While advertised in weight loss programs, the effectiveness of NNSs for successful weight loss and their impact on blood sugar control has been controversial, casting doubts over their potential beneficial effects. Indeed, in 2023, the World Health Organization released guidelines to not use NNSs for weight loss and called for more research to investigate the role of Aspartame in cancers. Additionally, researchers worldwide have demonstrated the harmful effects of NNSs, including changes in glucose absorption and microbiome. Thus, despite proper approval, novel deleterious effects of NNSs are still being discovered in various conditions or specific periods of development.

This project’s research team has demonstrated NNSs’s adverse effect on offspring when mothers are fed sucralose during pregnancy. They also found that this effect was partly due to sucralose inhibiting the key drug and xenobiotic transporter P-glycoprotein (PGP). They have also reviewed the existing literature on NNS consumption in pregnancy and estimated that more than 30% of pregnant women consume NNSs daily.

P-Glycoprotein (PGP) in the Human Placenta is critical to preventing fetal exposure to toxic compounds.

Because most drugs and xenobiotics can passively cross the placenta and harm the fetus, the villous placental trophoblast layer on the maternal side compensates for the underdeveloped fetal liver and expresses efflux ATP-binding cassette (ABC) transporters that return toxic compounds and fetal waste to the mother’s blood.
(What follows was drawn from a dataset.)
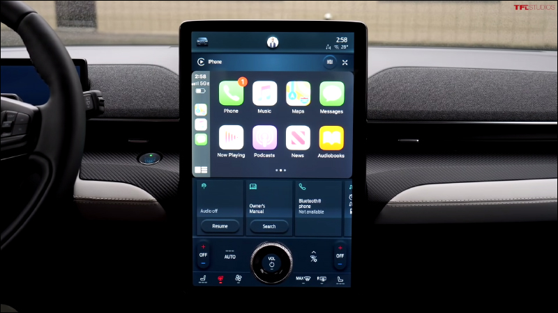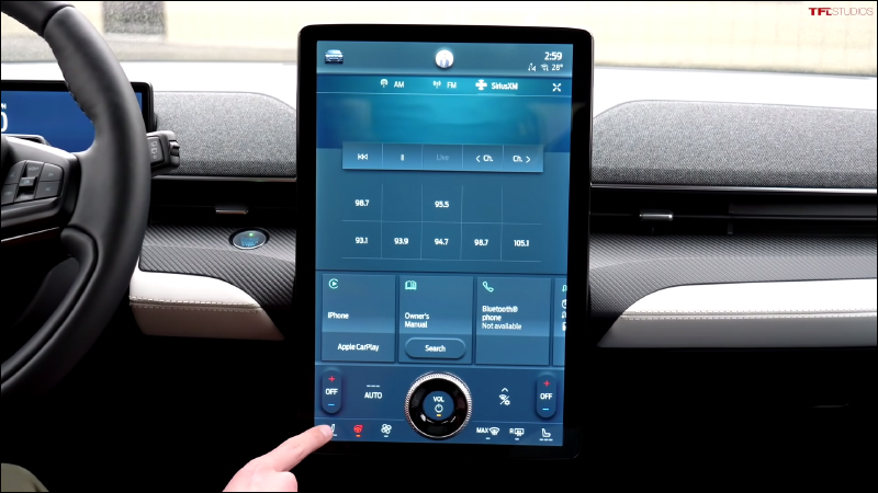 在車內中控台位置, Mach-E 一樣配備了 15.5 吋的大尺寸觸控螢幕,運行福特最新的 SYNC 4A 娛樂系統。不過相比 Model Y 採用橫向螢幕,在 Mach-E 則為直立設計,能透過螢幕控制車輛模式、空調溫度等資訊,同時也在螢幕下方保留一個實體旋鈕可調整音量這類控制設定:
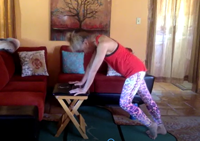 Seated Figure 8's with hands behind neck to undulate moving right in Arch/Curl and spinal motions. Knee & Ankle Circles, Kneeling Psoas/Hamstring Opening, Knee to Forehead, Spiraling Cat...a full jam packed class!

This application focuses on one of the most relevant ABC transporters in the placenta: the ABCB1/MDR (multidrug resistance)1/PGP (P-glycoprotein), expressed on syncytiotrophoblasts facing maternal blood. Inhibition or deletion of these transporters leads to increased fetal toxic exposures and increased congenital disabilities, including heart and septal defects. Therefore, it is essential to identify substances that alter PGP function to prevent harmful exposure to the fetus. During pregnancy, the use of drugs, including PGP substrate, is increasingly common and includes antihypertensive and antidiabetic medications.

Based on the project team’s preliminary data, they have shown that sucralose is a PGP inhibitor in liver and kidney cells.

Furthermore, it is estimated that about 30% of pregnant women consume NNS daily, either voluntarily 10 or involuntarily, through NNS-containing foods and beverages, increasing the probability of pregnant mothers encountering both toxic and NNS exposures.

This project will test the hypothesis that maternal sucralose consumption increases the retention of PGP substrate compound in the fetal compartment.

This study is the first assessment of NNS consumption in pregnancy in Wisconsin and only the second one in the U.S. It is also the first clinical study on the impact of sucralose on detoxification transporters.

The project will be a key steppingstone for this research program. Indeed, other ABC transporters show large substrate overlap with PGP and, therefore, are also potentially inhibited by sucralose. Furthermore, we will also investigate the impact of other common NNS, such as acesulfame-K or the trending Stevia, on the various ABC transporters. With no guidelines in place for NNS consumption during pregnancy, evaluation of the impact of NNS on placental detoxification efficiency will be imperative to define, if necessary, new safe limits of NNS consumption specific to pregnancy.

The discovery of clinically relevant interaction between sucralose consumption and PGP will also impact many scientific fields beyond obstetrics, including cancer- or HIV-related research, in which PGP (also known as multi-drug resistant receptor 1 in the cancer field) has been associated with drug resistance.